I kept on reading his work, and the more I read the more I felt it was essential that such a unique and fascinating writer should be accessible to English readers, especially given the extreme scarcity of modern Tibetan literature available in English. I kept on translating, choosing some stories that I liked personally and some that the author recommended, and eventually we had a collection.
MB: Are there specific challenges you associate with translating his work?

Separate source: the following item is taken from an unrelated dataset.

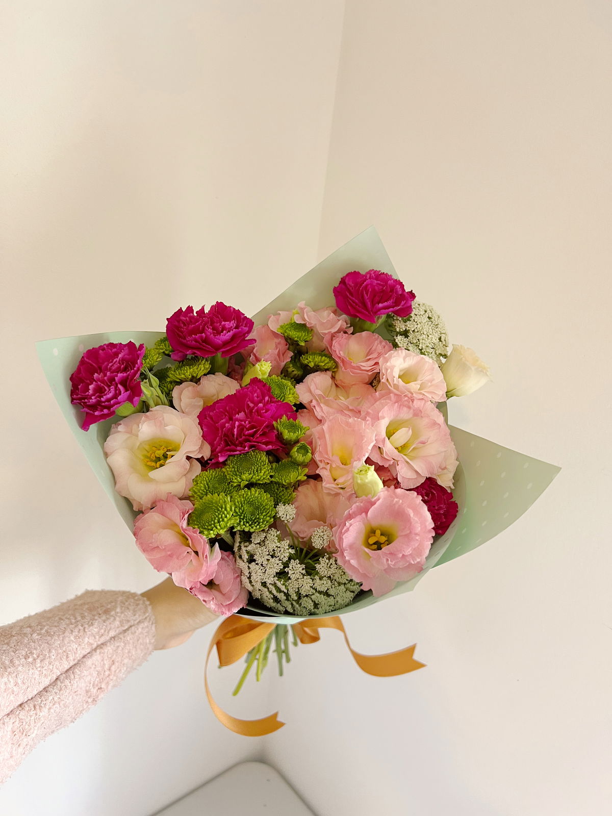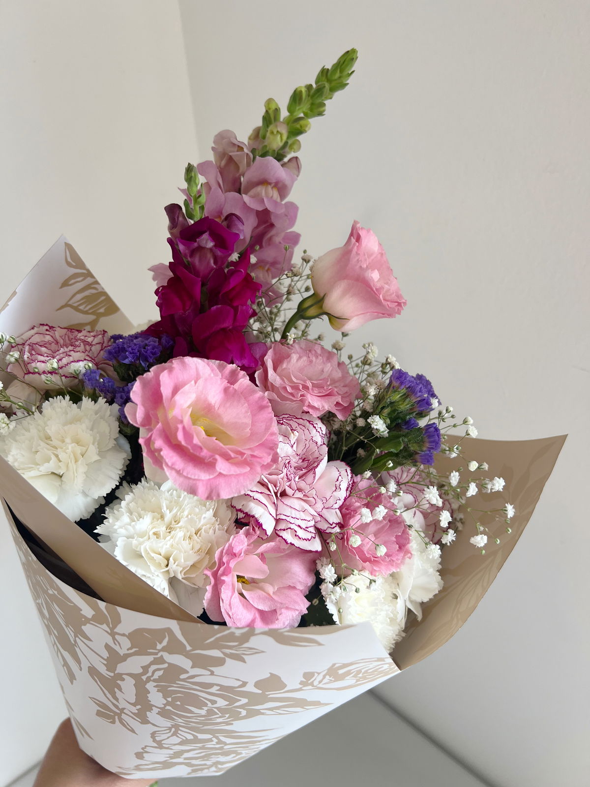 Este Ramo está compuesto por flores variadas de estación. El tipo de flor puede variar según el día y temporada. Se mantiene el estilo pero ningún ramo es igual a otro, cada uno es único.

CP: Yes, there are several. One issue is that Tibetan-English dictionaries are very strong in religious and philosophical terminology, but can be very light on vocabulary for modern, everyday life, as well as the “local” and nomadic terminology that Tsering Döndrup often uses. Tsering Döndrup also stages linguistic confrontations between the Tibetan and Chinese languages, and he finds a lot of humour in the misunderstandings and mistranslations that ensue. Tackling these moments was one of the most enjoyable challenges of translating his work.
There are a number of instances of this in the story “Black Fox Valley.” The protagonist is required to ask for directions to his new home, known only by its Chinese name Xingfu Shengtai Yimincun—“Happy Ecological Resettlement Village.” Since he doesn’t know Chinese, he turns xingfu, meaning happy, into shimpo, the Tibetan for delicious. I spent many hours trying to think of a funny word that might sound like how an English reader would (mis)pronounce xingfu. The story’s French translator rendered it as chien fou—mad dog—which I really liked. I opted for shampoo, something suitably ridiculous that also sounds a bit like the Tibetan shimpo. I think some of his funniest and most incisive moments come when Döndrup takes on the impact of the Chinese language on Tibetan life, and working with three languages at once to bring out that humour, and that important critique was definitely one of the most exciting aspects of the translation.
MB: To what extent was crafting a voice, for narrators such as the narrator of the “Ralo” stories, a conscious concern? Is this voice we’re getting, clear as it is, the result of an approach, or the sum total of thousands of decisions about diction?
CP: When I first read the original Tibetan of Tsering Döndrup’s stories, the narrative voice was one of the aspects of his fiction that most stood out to me. He is often described in terms of his irony, his satire, and those are elements that frequently come through by way of the narrator—how a certain narrator frames his characters and the events of a story, the manner in which he comments on or presents the characters’ hypocrisy, folly, and so on. I knew from the outset that trying to recreate a strong narrative voice, and to create this sense of irony in English, was crucial. It was certainly conscious, but the voice you end up getting is indeed the sum total of many subtle decisions about wording and diction.
There is a compelling argument about Lu Xun’s The True Story of Ah Q—to which “Ralo” has been compared—that suggests that the narrator of that story presents us with a real problem. Ah Q, the character, has been read as representative of the national flaws of the Chinese people. But how can this be the case when we have an educated, witty narrator (also assumed to be Chinese) who is capable of dissecting that character and presenting his defects to us so poignantly?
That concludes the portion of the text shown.